On the first snap of the last New England series, Brady found Thomas. Brady threw to Danny Amendola for 11. On the second snap, he found Thomas. Brady threw to Shane Vereen for two. “I was out there, getting help from [safety] Reshad Jones,” said Thomas. “He’d basically tell me what to do on most plays, like where to go and who to cover.”
Brady got to the Miami 19, with 27 seconds left. First down. The defense broke the huddle and saw the spread New England formation. Jones nodded over to Amendola, split right. “You got no help,” Jones said to Thomas.
No help. A safety playing cornerback in his first NFL game, in his first NFL quarter, against Tom Brady, in single coverage against one of Brady’s favorite targets. Thomas ran with Amendola.
“Then there it was,” Thomas said. “Tom Brady throwing at me.”
The ball was over Thomas’ head, bound for Amendola’s hands. All Thomas could think of was the lesson he’d learned as a defensive back long ago. Play through his hands. As a trailer on the play, Thomas knew to do everything he could to disrupt the ball in Amendola’s hands, and he did. Thomas knocked the ball away. No touchdown. Huge play.

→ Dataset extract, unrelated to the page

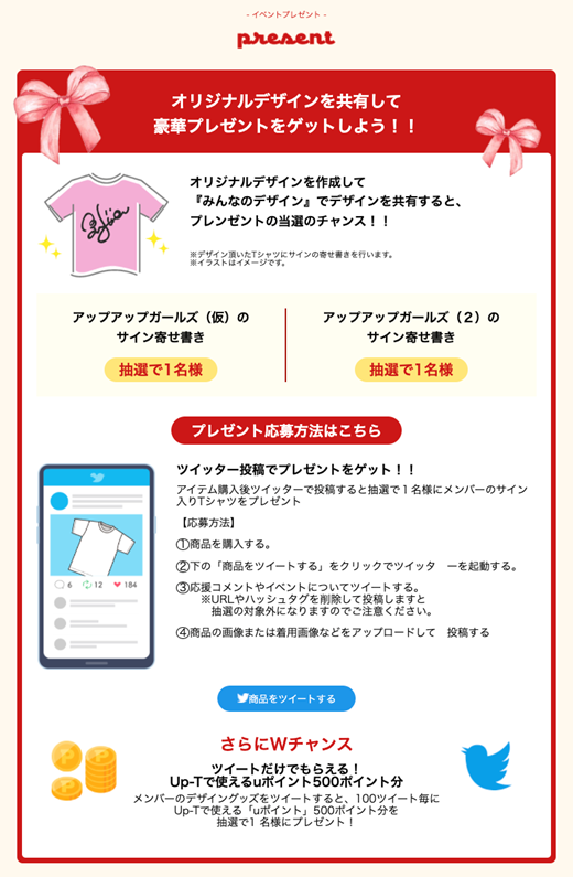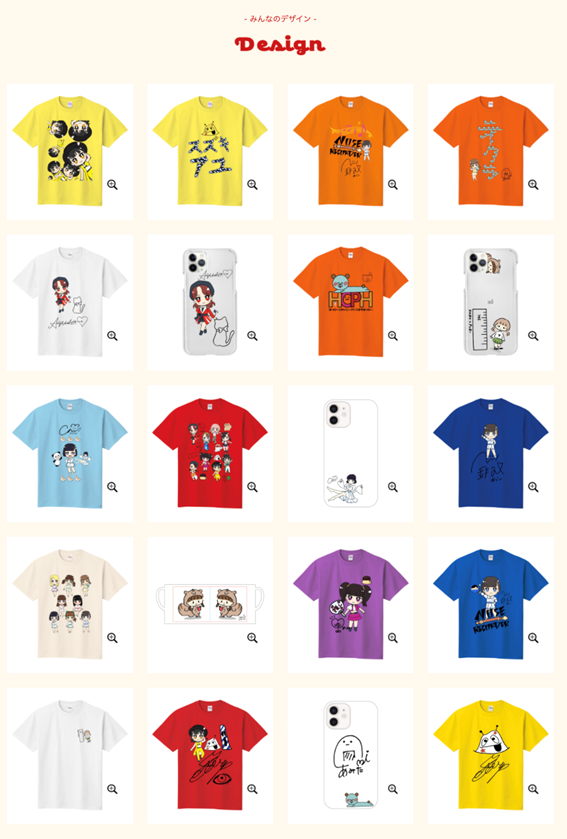 オリジナルのアイテムを作成して特設サイト内の「みんなのデザイン」にデザインを共有すると、抽選でメンバーのサイン入りTシャツをプレゼントします。

Three plays later. Fourth-and-5 from the 14. Likely the last chance for Brady. This time Thomas would be in the slot, determined not to let a Patriots receiver get behind him with any cushion. Again Brady threw at Thomas, for Austin Collie, with another Dolphin also in coverage. The ball never got to Collie. Thomas jumped and picked it off.
The players he barely knew now were jumping on him, slapping him, celebrating. “Mama, I did it! I did it!” Thomas yelled over and over, but no one could hear him. No one could hear anything, because the stadium was so loud. And after the game, he cried. In Joe Philbin’s post-game press conference, the coach seemed not to remember the name of the hero who broke up one touchdown pass in the end zone and then intercepted another. “We had a player in there that I think got into the building on Tuesday,” Philbin said. That just added to the lore.
“I am overwhelmed,” said Thomas. “It is so much to realize, how my life has changed and how this happened—Tom Brady throwing at me, and I answered the call. The only thing I can say is I am blessed.”
Next time you hear some coach say, “It takes all 53 to win,” think of Michael Thomas. Imagine if he’d slept a couple more hours last Monday. Maybe Miami would be on an eight-game losing streak to New England right now instead of a one-game winning streak."